Records provided:
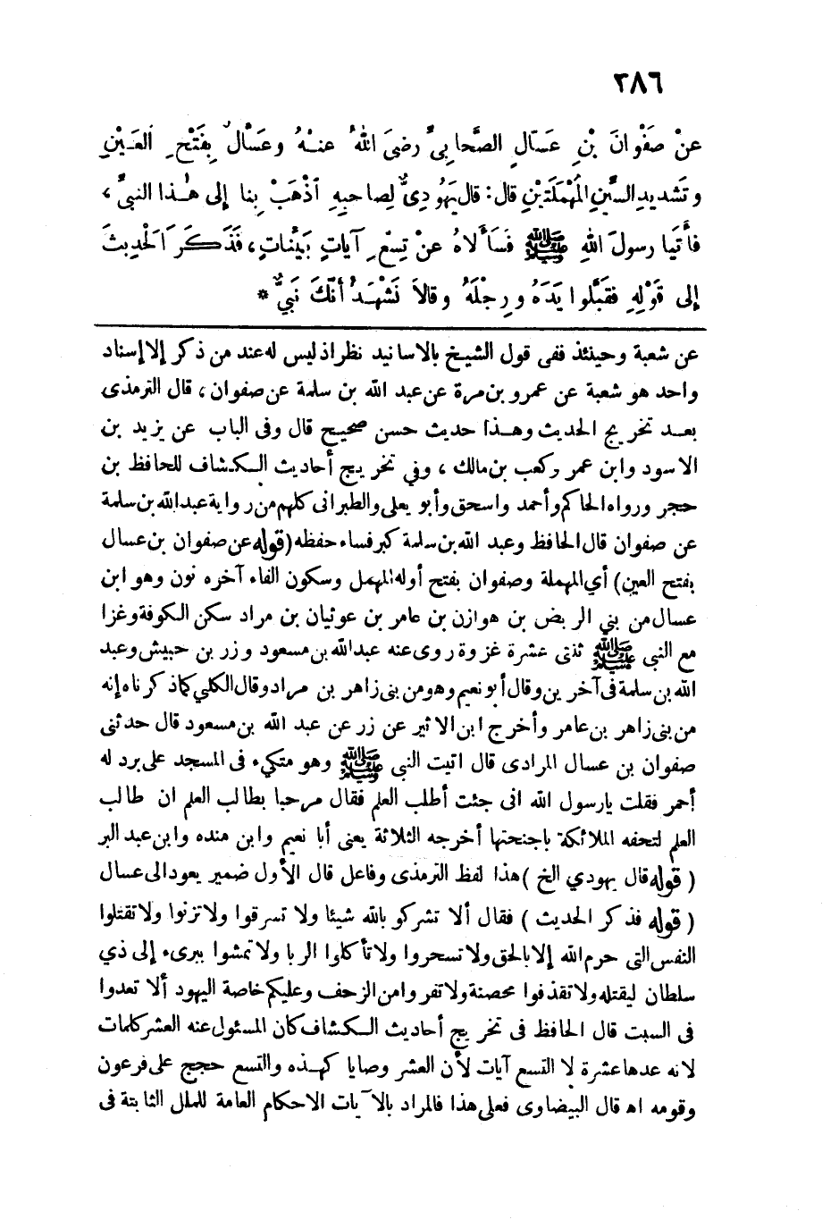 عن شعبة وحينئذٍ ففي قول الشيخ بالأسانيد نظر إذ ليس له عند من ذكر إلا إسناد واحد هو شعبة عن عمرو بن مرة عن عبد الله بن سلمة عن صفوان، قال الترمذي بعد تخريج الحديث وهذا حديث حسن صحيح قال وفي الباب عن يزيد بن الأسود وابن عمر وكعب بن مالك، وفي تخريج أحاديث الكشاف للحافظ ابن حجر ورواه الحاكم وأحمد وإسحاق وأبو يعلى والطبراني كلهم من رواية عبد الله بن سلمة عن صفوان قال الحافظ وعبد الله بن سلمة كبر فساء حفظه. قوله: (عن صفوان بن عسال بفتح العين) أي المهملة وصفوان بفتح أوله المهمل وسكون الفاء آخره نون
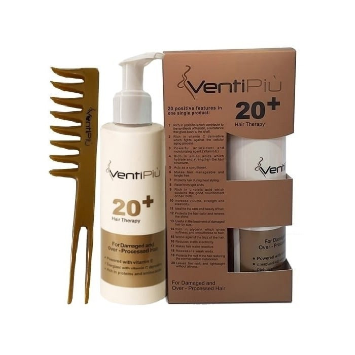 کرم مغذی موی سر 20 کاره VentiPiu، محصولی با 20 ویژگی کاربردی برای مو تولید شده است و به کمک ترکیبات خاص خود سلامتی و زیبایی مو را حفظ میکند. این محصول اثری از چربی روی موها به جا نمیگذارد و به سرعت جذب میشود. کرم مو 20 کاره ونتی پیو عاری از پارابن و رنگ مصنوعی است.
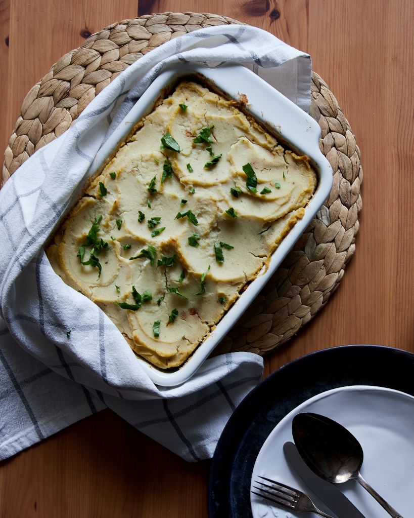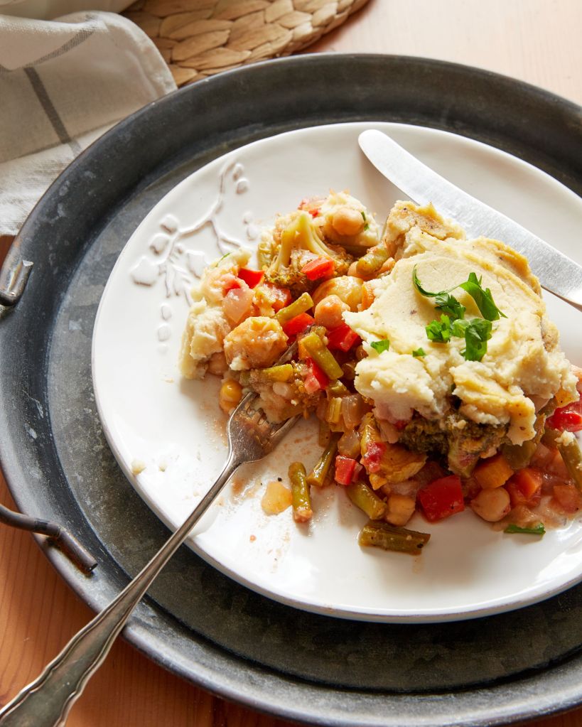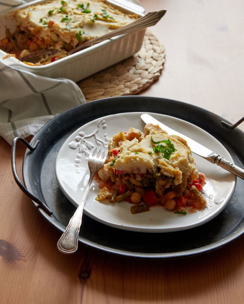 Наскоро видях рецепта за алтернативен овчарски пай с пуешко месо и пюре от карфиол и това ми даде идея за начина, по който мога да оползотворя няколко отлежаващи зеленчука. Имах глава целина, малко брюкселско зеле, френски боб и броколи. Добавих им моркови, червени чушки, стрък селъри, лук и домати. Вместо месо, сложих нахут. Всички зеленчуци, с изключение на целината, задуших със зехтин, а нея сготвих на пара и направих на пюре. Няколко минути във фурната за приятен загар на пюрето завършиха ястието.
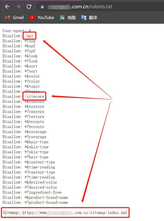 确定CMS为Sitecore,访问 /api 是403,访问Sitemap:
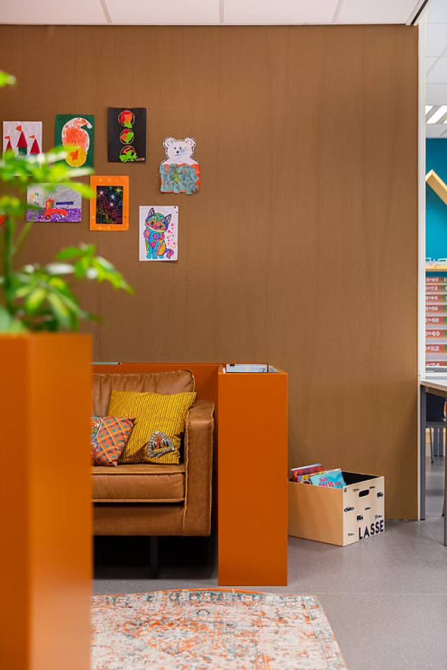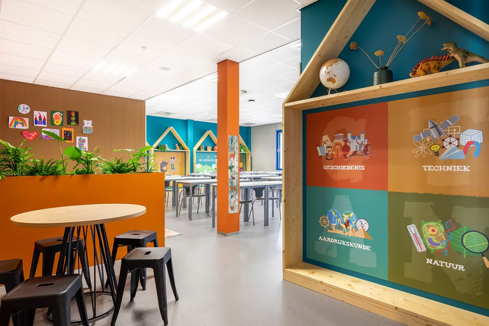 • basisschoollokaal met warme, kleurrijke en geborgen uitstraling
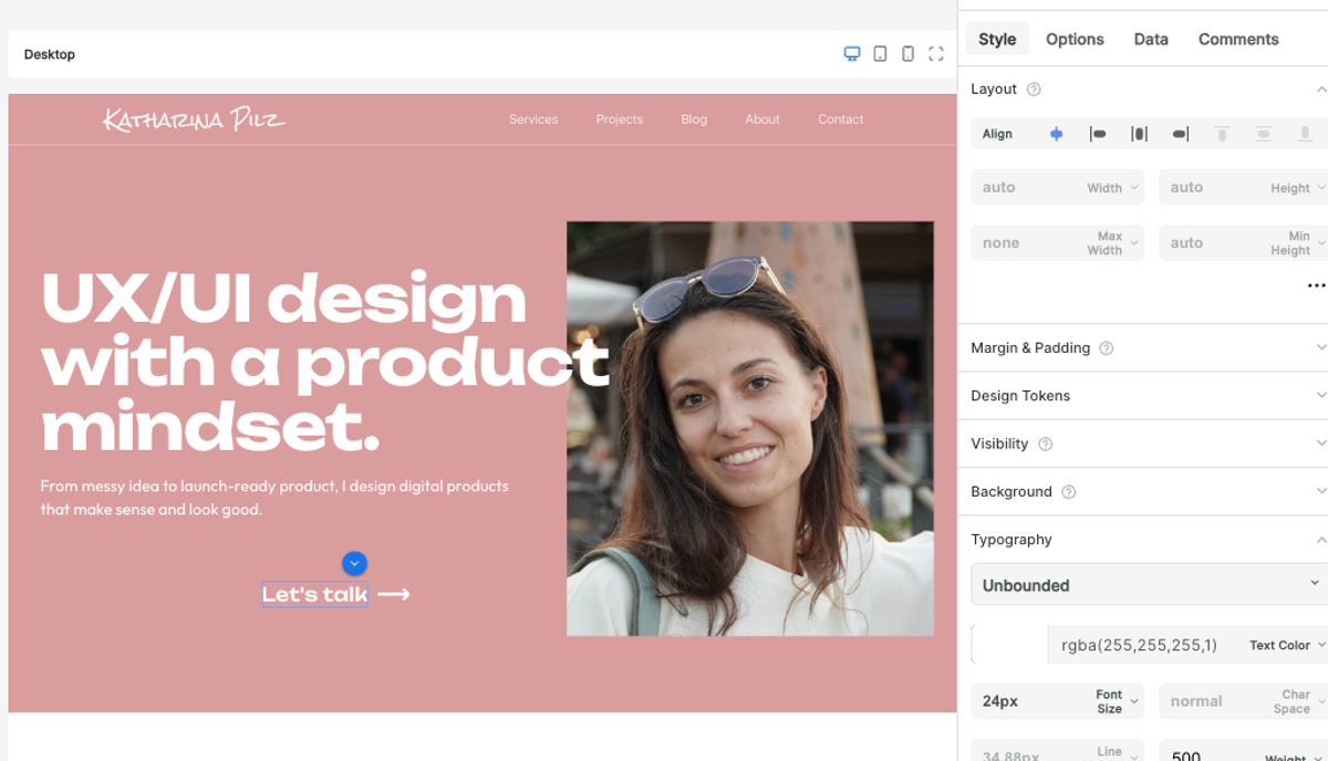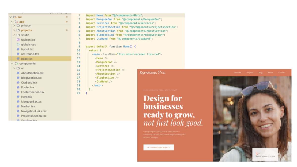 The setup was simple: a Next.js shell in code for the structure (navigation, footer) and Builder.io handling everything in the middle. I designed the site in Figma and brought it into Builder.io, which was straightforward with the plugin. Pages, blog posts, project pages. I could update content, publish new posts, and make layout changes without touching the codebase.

Activity: Transcribe, please, the lines from the one holding "کرم مغذی موی" to the final line of the material, both included, exactly and with no extra lines, and skip the pictures.

Answer to the exercise:
 کرم مغذی موی سر 20 کاره VentiPiu، محصولی با 20 ویژگی کاربردی برای مو تولید شده است و به کمک ترکیبات خاص خود سلامتی و زیبایی مو را حفظ میکند. این محصول اثری از چربی روی موها به جا نمیگذارد و به سرعت جذب میشود. کرم مو 20 کاره ونتی پیو عاری از پارابن و رنگ مصنوعی است.
 Наскоро видях рецепта за алтернативен овчарски пай с пуешко месо и пюре от карфиол и това ми даде идея за начина, по който мога да оползотворя няколко отлежаващи зеленчука. Имах глава целина, малко брюкселско зеле, френски боб и броколи. Добавих им моркови, червени чушки, стрък селъри, лук и домати. Вместо месо, сложих нахут. Всички зеленчуци, с изключение на целината, задуших със зехтин, а нея сготвих на пара и направих на пюре. Няколко минути във фурната за приятен загар на пюрето завършиха ястието.
 确定CMS为Sitecore,访问 /api 是403,访问Sitemap:
 • basisschoollokaal met warme, kleurrijke en geborgen uitstraling
 The setup was simple: a Next.js shell in code for the structure (navigation, footer) and Builder.io handling everything in the middle. I designed the site in Figma and brought it into Builder.io, which was straightforward with the plugin. Pages, blog posts, project pages. I could update content, publish new posts, and make layout changes without touching the codebase.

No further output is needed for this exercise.